Algeria after the re-election of Abdelaziz Bouteflika

Subject

On April 8, 2004, Abdelaziz Bouteflika was re-elected president of Algeria in the first round, with 84.9% of votes cast.

Summary

Abdelaziz Bouteflika was re-elected president of the Republic of Algeria in the first round of presidential elections held on April 8, 2004. Repeated declarations of neutrality by the armed forces, as well as the willingness expressed by the Chief of the General Staff, Mohamed Lamari, to accept the victory of any candidate –including the leader of the Islah Islamist party, Abdallah Jabala– led international observers to take greater interest in these elections. On this occasion, unlike during the presidential elections of 1999, the other candidates did not withdraw, which helped make the elections appear relatively open and competitive. The weight of the armed forces in Algerian politics remains a decisive factor in any analysis of Algerian political and economic life. Bouteflika’s victory strengthens his position in the political system, though the unexpected magnitude of his win undermines the credibility of elections that were meant to give the world the impression that a democratizing process is underway after more than a decade of civil war –with the post-9/11 international context of the war against terrorism as a backdrop–.

Analysis

Abdelaziz Bouteflika, minister of Foreign Affairs from 1963 to 1978 and a key player in establishing Algeria’s international prestige in the 1970s, had not taken part in Algerian domestic politics since the armed forces distanced him from the succession of Huari Bumedián in 1978, forcing him into exile. In the early 1990s, Bouteflika kept away from public life and in 1994 even refused the army’s offer for him to pilot the political institutionalization process after the coup in 1992. As General Jaled Nezzar comments in his memoirs, Bouteflika was able to become President of the Republic in 1999 thanks to strong support from part of the military hierarchy which, after forcing the resignation of General Liamin Zerual, decided to withdraw the army from the forefront of the political scene and bring Bouteflika back. Their goal was to improve the regime’s image abroad and to reduce the risk of an internationalization of the Algerian civil conflict, which had worsened in the months before as several missions of international observers and a UN delegation arrived to gather on-site information on the causes of the violence that was shaking the country. Abdelaziz Bouteflika’s position as the new President of the Republic was weakened by the fact that the other candidates boycotted the electoral process, which they considered fraudulent. His main goal since then has been to enhance his own legitimacy to strengthen his position in the system and enable him to increase the presidentialist bent of the 1996 Constitution, increasing his independence from the decision-makers in the military and from the political parties that supported them. In parliament, Bouteflika built a heterogeneous presidential majority made up of two parties close to the government –the FLN and the RND–, a tame Islamist party –the MSP– and a Berber party –the RCD–, which favoured separating church from state and distancing Islamism from public life. The latter party abandoned the government coalition after the Berber revolt broke out in Cabilia in April 2001.

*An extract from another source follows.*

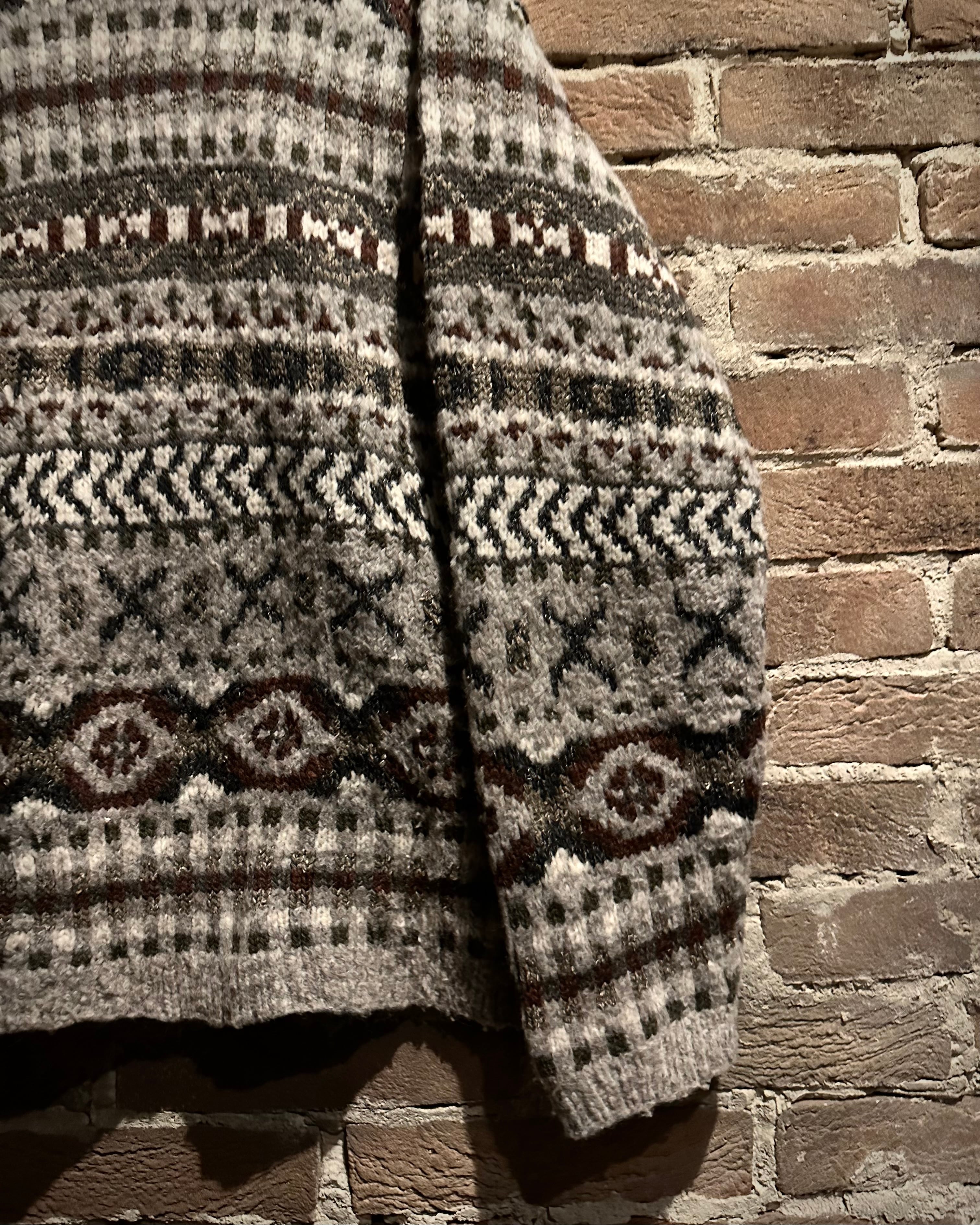 全面に配された幾何学×ノルディック調のパターンは、クラシックでありながらファッションピースとしての完成度も高いデザイン。コーディネートに馴染みやすいのも嬉しいポイントです。
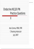 Rationale: Clang association is the meaningless rhyming of words in which the rhyming is more important than the context of the words. A neologism is a made-up word that has mea... i x Exam (elaborations) • 74 pages • by Docmercy • uploaded 2023 Quick View i x NCLEX RN • NCLEX RN Endocrine NCLEX PN Practice Questions II (0) $10.49 0x sold Endocrine NCLEX PN Practice Questions II

During his first mandate, the quest for independence was one of the cornerstones of President Bouteflika’s very personal presidential style, leading him to break taboos such as the public use of the French language, celebrating the new millennium according to the Gregorian calendar, promoting Saint Augustine’s Algerian origins and the role played by the Jewish community in preserving Algeria’s cultural heritage. After a decade of rhetoric focused on eradicating Islamism, Bouteflika made national reconciliation the leit motif of his electoral programme in the 1999 elections, enabling him to connect with the hopes of broad sectors of the Algerian population to re-establish peace and security in the country after a long civil war that had caused more than 100,000 deaths. In this context, the law on ‘National Harmony’ was passed by 96.3% of the votes after a plebiscite held in September 1999 which posed the following question: ‘Are you in favour or against the initiative of the President of the Republic aimed at achieving peace and civil harmony?’. This question directly linked the figure of the president with peace and reconciliation. His decision to combine repression with an olive branch led 6,000 AIS fighters (the armed branch of the FIS) to lay down their arms and helped bring about a considerable improvement in the state of security in Algeria in recent years, especially in urban areas. These results were one of Abdelaziz Bouteflika’s main political assets going into the presidential elections in 2004. According to independent estimates, there were around 140 killings in the first quarter of 2004.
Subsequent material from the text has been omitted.